If the bottom, then that is fine. They straighten out when there is a load in the car and while driving. If the other, then the suspension is sagging.
Check out "How to keep your VW alive" By John Muir. He explains this and MANY other things very well.


----------



## Questor (Sep 5, 2003)

*Re: rear wheels angled in? (zero90)*

Baja bugs usually have lots of negative camber, this is pretty normal. If you hold your arms in front of you with your fingers closer than your elbows, this is what your rear wheels will look like with neg. camber. If it's extreme then it can be something to be concerned with... Watch and see if your tires wear unevenly to judge. 
The Muir book is a must have for any aircooled owner - http://****************.com/smile/emthup.gif


----------



## amiah (May 1, 2005)

*Re: rear wheels angled in? (Questor)*

i come from a small town in the Philippines and the book you recommended won't help me much because I have no access to it. Yes, I know...globalization has not yet fully reached our shores....

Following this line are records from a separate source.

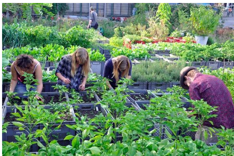
Рис.2 Коллективный сад «Сады принцесс» в г.Берлин. Проект Марко Клаузена и Роберта Шоу.

Целенаправленное изменение качеств открытых жилых городских пространств – роль, которую предписывают коллективным садам Америки. Являясь неотъемлемой открытой частью жилища, они удовлетворяют потребности человека в суточной рекреации, так необходимой в условиях жизни в городе; создается комфортная среда для общения людей, которых объединяет одно общее увлечение – общение с природой (Рис.2).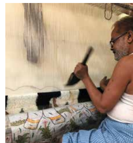
Nou verstaan ek hoekom handgemaakte tapyte so duur is – dit verg briljante vakmanskap en ure se werk.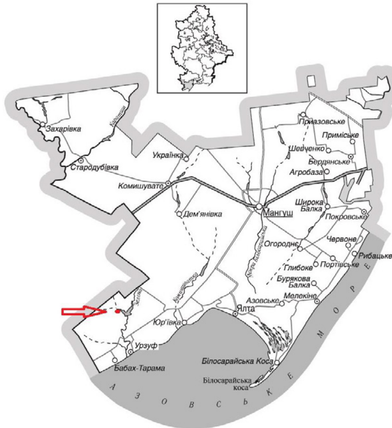
Рис. 3. Схема розташування археологічних об'єктів – поселень «Урзуф-1» та «Урзуф-4» на мапі Мангушської ОТГ Маріупольського району Донецької обл.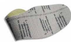
Plantilla anti-perforación flexible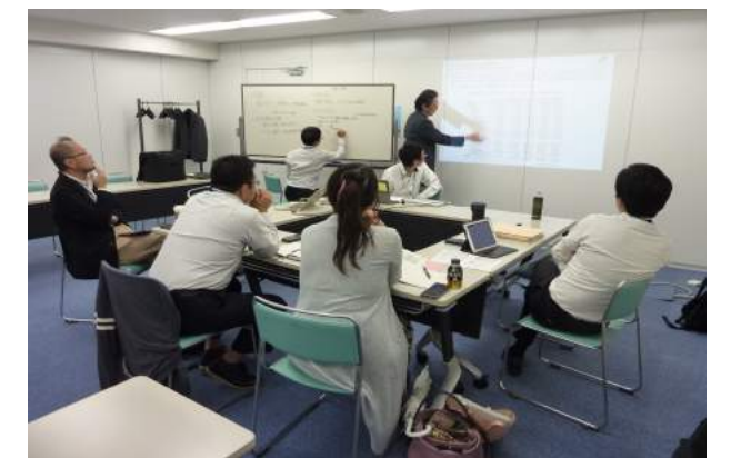
グループ討議の様子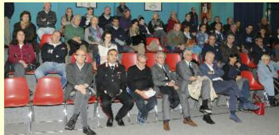
Il pubblico presente alla serata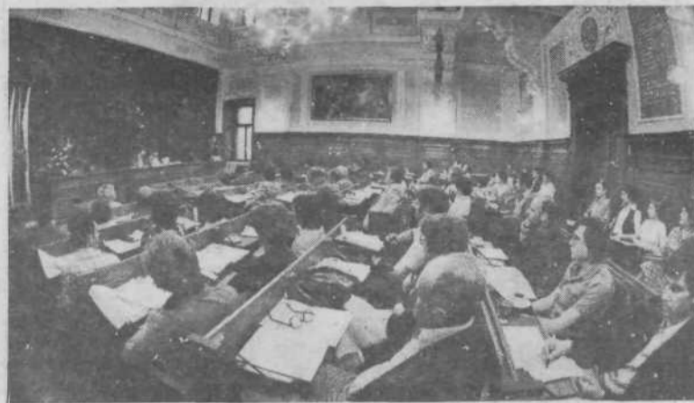
SEJA PREDSEDSTEV SO in OK SZDL

Verjetno je eden od razlogov za živahno razpravo o os-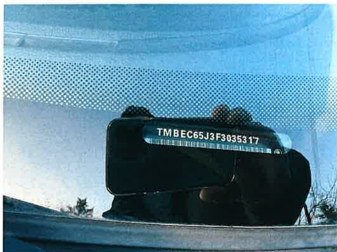
Fot. 17 IMG_8867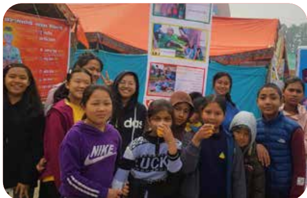
Distribution of water, juice and fruits on the occasion of Mahashivarati at Pashupatinath Temple, Gaushala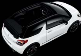
Blanc Banquise (O) Toile Noir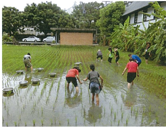
家庭支持活動 苑裡有機稻場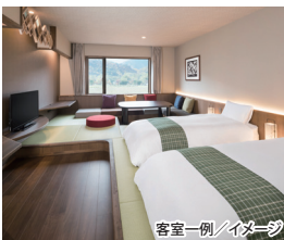
客室一例/イメージ

信州おもてなしの間・和室 約42㎡ 北アルプスの麓に門を構える宿は、ど こか懐かしい田舎の暮らしを体感する 時間が流れます。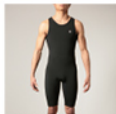
M#PCSJ M HYPER WARM COMPRESSION SHORT JOHN ・サイズ: S, M, L ¥19,800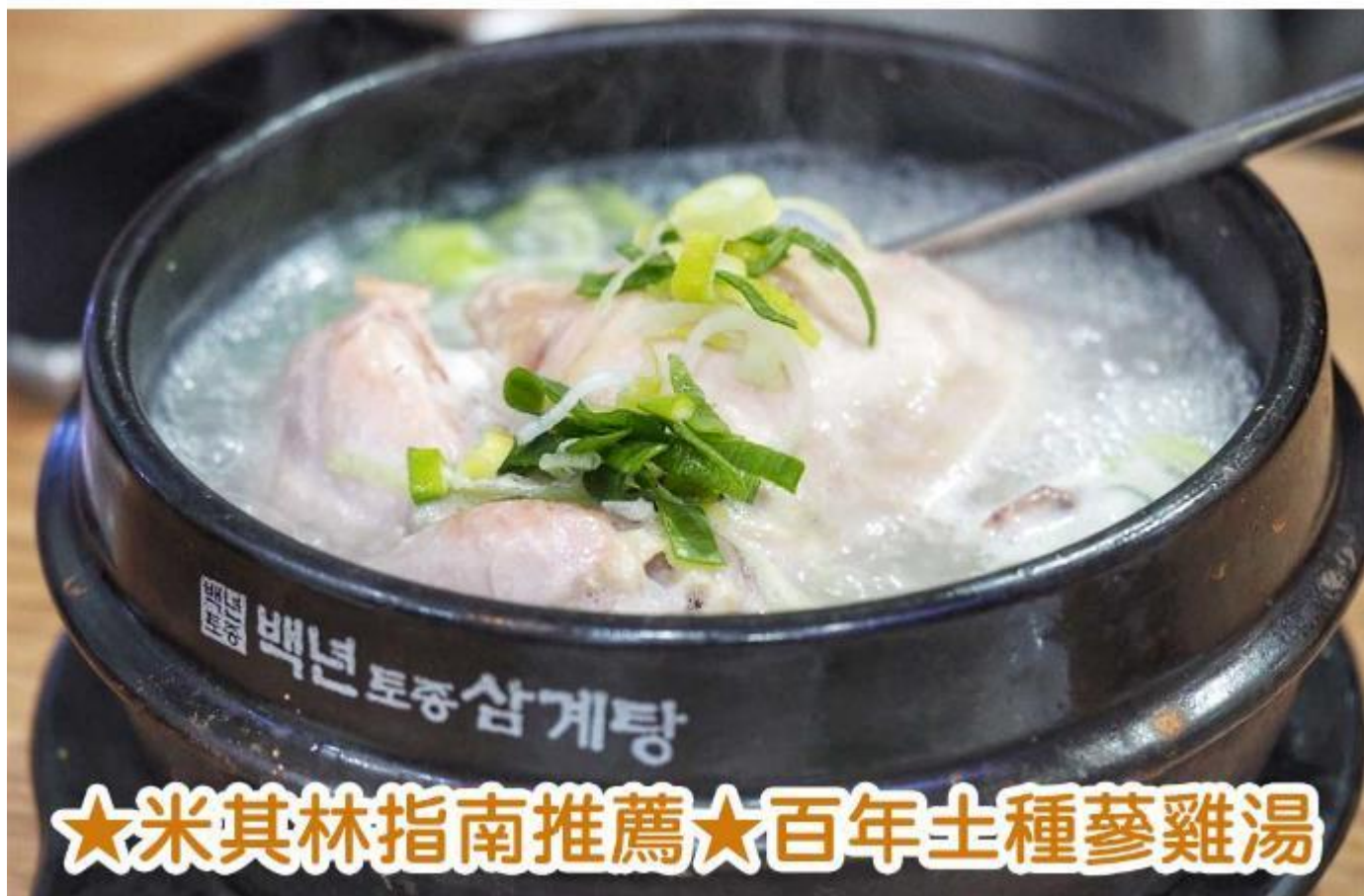
★米其林指南推薦★百年土種蔘雞湯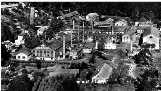
La Cristallerie de Vallerysthal au début du XX e siècle

Après de nombreuses difficultés et une crise structurelle, le dernier four de la cristallerie de Vallerysthal-Portieux s'est éteint en septembre 2012.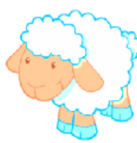
It's a sheep.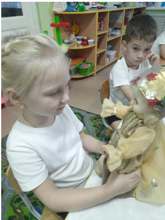
Собери куклу по погоде

what do you do if the tires...often get burn-out....the rear ones....but the front wheels are good. Is the suspension the culprit?


----------



## amiah (May 1, 2005)

by the way, I have a 1500 beetle...is that a baja bettle?


----------



## Questor (Sep 5, 2003)

*Re: (amiah)*

Your 1500 is likely not a 'Baja' bug - Baja's are very noticable by their usual lack of rear engine cover, oversized tires, a lot of them have 'stinger' style mufflers...
You should be able to order Muir's book - shipped to you, from ebay, or other used book source - it's really a good investment.
Regarding your tire wear - are they wearing more on the outsides, insides, center, or all over? Proper pressure is the first thing to look at, then suspension problems.


----------



## amiah (May 1, 2005)

the tire wear are concentrated on the insides of the tire. All rear tires exhibit such wear.


----------